Why the First Cohort Decides Everything
Mid-market operations are political. A new initiative gets evaluated in the hallway during the first ninety days, not in the survey at the end. If the first wave through your AI literacy program walks out skeptical or unconvinced, every future cohort is harder to enroll. If they walk out applying what they learned the next morning, your second cohort doubles in size.
This is not a curriculum problem. It is a sequencing problem. The people who go first set the narrative for everyone who comes next.
The Three Groups That Should Go First
In almost every mid-market rollout I have run, the right order is the same.
First: the operations leaders who own a P&L line. Plant managers, distribution center directors, controllers, VPs of operations. These are people who can decide on Monday morning to change a workflow and have the authority to make it stick. When they finish a literacy program with a clear next step in their own operation, the program becomes real for everyone reporting to them. Skip this group and you are training people who cannot act on what they learned.

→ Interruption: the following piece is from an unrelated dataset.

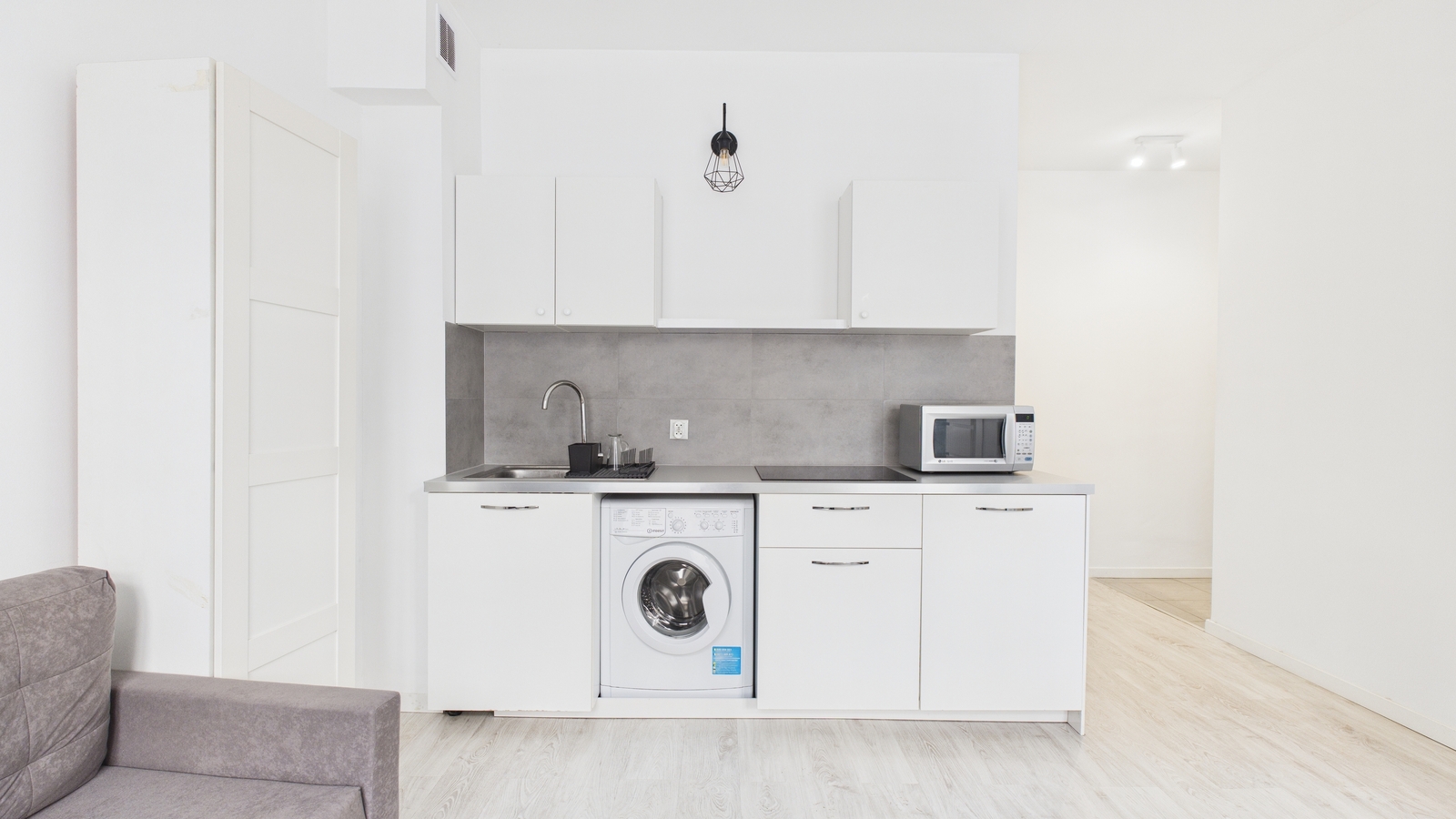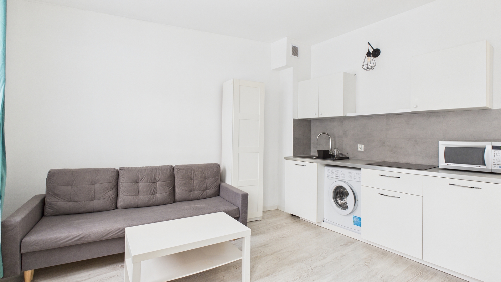 Mieszkanie się składa z salonu z aneksem kuchennym, przedpokoju oraz łazienki.
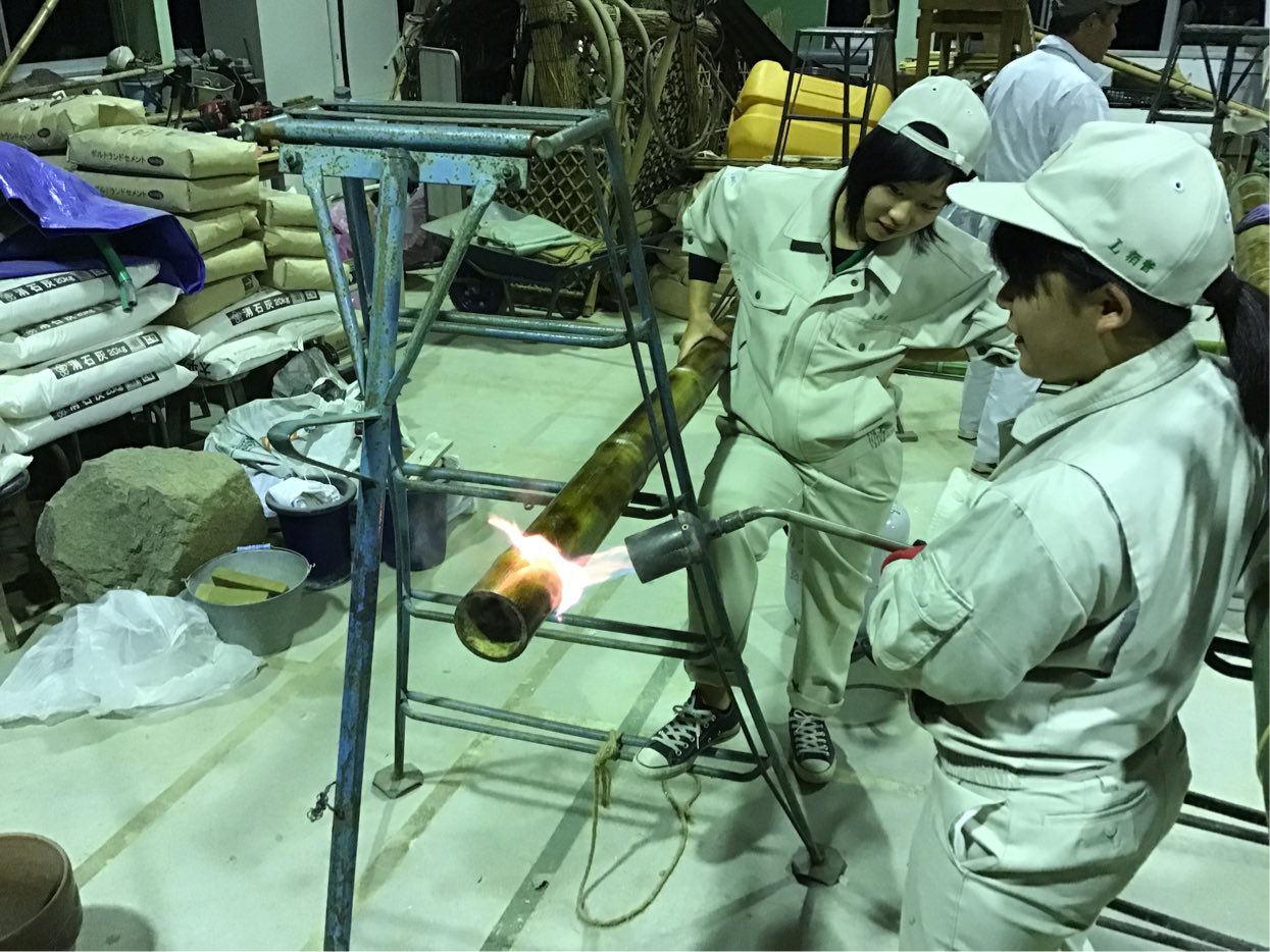 また、造園デザイン科の実習室ではラン展に向けての準備も始まりました。写真は青竹をバーナーで焼いて光沢を出している様子です。

Second: the team leads and supervisors in the workflows you actually want to change. Once the P&L owner has a direction, the next layer translates it. The shift supervisor in a manufacturing line. The senior estimator at an engineering firm. The dispatch lead at a logistics company. These are the people who will be evaluating AI output every day. If they cannot read what an agent is doing, the agent does not get used or it gets used badly.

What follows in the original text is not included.